A landmark change in Japanese stock market rules has presented Bain Capital with the opportunity to revive the initial public offering of Kioxia, the former memory chipmaking unit of Toshiba after a listing was shelved amid US-China trade tensions.
The Tokyo Stock Exchange rule change would allow the private equity firm to sell a 10 per cent slice of the chipmaker to investors before the current window closes in February, said people familiar with Kioxia’s listing plans.
Bain is considering ways to take advantage of the new rule, say people familiar with its thinking. The more limited scale of the listing would raise substantially less than originally intended but bankers say it should enable a more rapid bookbuilding process.
If the February deadline is missed, the IPO that was originally planned to raise about $3.6bn and would have been Japan’s largest of 2020 could be delayed until late 2021 while Kioxia resubmits its listing application using new figures from the financial year that ends in March.
Kioxia was carved out of Toshiba in 2018 after the Japanese technology conglomerate was pushed to the brink of bankruptcy by the collapse of its US nuclear business. The eventual $18bn sale of the chip unit to a consortium led by Bain left Toshiba with a 40 per cent stake in what was once its crown jewel.
The new rule states that for larger public offerings, only 10 per cent of the company’s total stock must be tradable on the listing date. The previous minimum, in force when the Kioxia IPO was postponed three months ago, was 35 per cent.

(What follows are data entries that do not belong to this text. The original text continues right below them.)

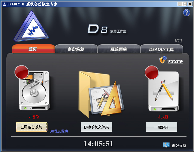 DEADLY8"系统备份恢复"完全、全自动备份恢复系统采用完全智能化的设计,使得初学者也能方便的备份、恢复您的系统且支持多硬盘、多系统、多种分区格式(文件系统如:FATFAT32 NTFS)备份路径可以自由设置"、支持多介质启动" 支持 硬盘 光盘 U盘 启动 DEADLY。
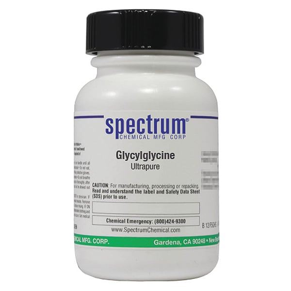 Glycylglycine, Ultrapure, CAS Number 556-50-3, Molecular Weight 132.12, Chemical Formula C4H8N2O3, Chemical Container Material Plastic, Chemical Container Type Bottle, Chemical Grade Purified, Chemical Container Size 25 g, Shelf Life 24 mo, Shipping Restrictions Chemical Not Regulated For Transport, Special Information The Simplest Peptide
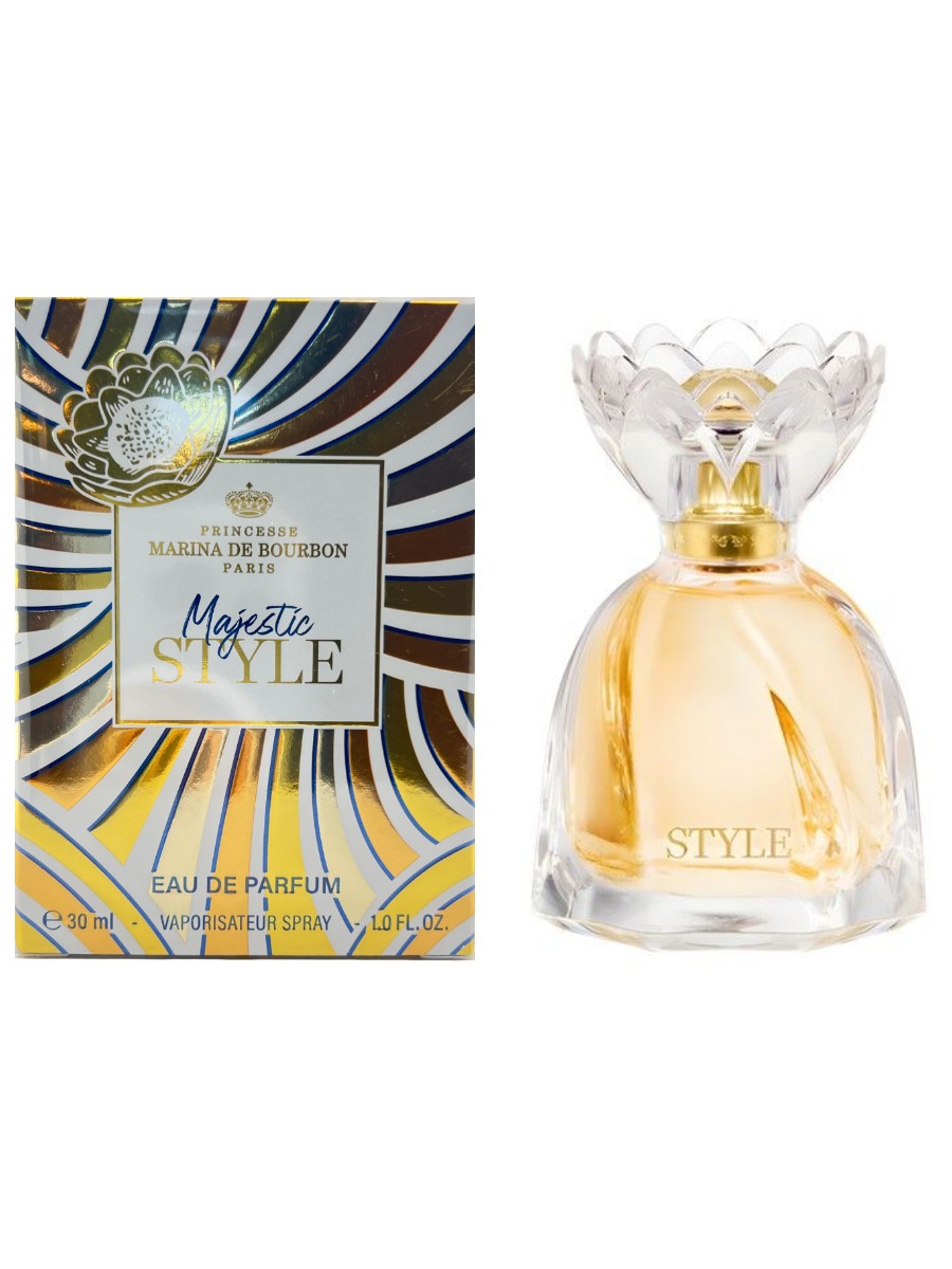Majestic Style (величественный стиль) - женский шипровый цветочный аромат от Marina de Bourbon, созданный в 2024 году. Этот пленительный аромат открывается опьяняющим и сладострастным цветочным букетом, усиленным свежестью цитрусовых и оттенками чая, а чувственность пачули и благородство древесины придают ему магнетическую, обволакивающую и соблазнительную глубину.

The new provision affects companies planning to list on the prestigious first section of the TSE, and requires them to commit to raising the tradable share ratio to 35 per cent within five years.
Kioxia declined to comment on its IPO plans.
The listing was abruptly pulled in late September on the day it was due to price, as rising uncertainty caused by the US-China trade dispute sent shockwaves through the tech sector and fuelled concerns Bain would not be able to secure the valuation it was seeking.
Kioxia, the world’s second-largest producer of NAND flash memory chips, in August had hoped to price the offering at ¥3,960 ($38) a share but later lowered the range to ¥2,800-¥3,500.
The decision to postpone the IPO came shortly after the US government implemented sanctions against Semiconductor Manufacturing International Corporation, China’s biggest chipmaker, after cutting telecoms group Huawei off from American chip suppliers.
The renewed push for an IPO coincides with a brighter outlook on the US-China front after Washington granted Kioxia special permission to export some chips to Huawei, according to people close to the company. Kioxia generates less than 10 per cent of its annual revenue from Huawei.
Nevertheless the geopolitical concerns remain significant, said people familiar with Kioxia’s listing plans, as do uncertainties over whether the administration of US president-elect Joe Biden will seek to defuse tensions with Beijing.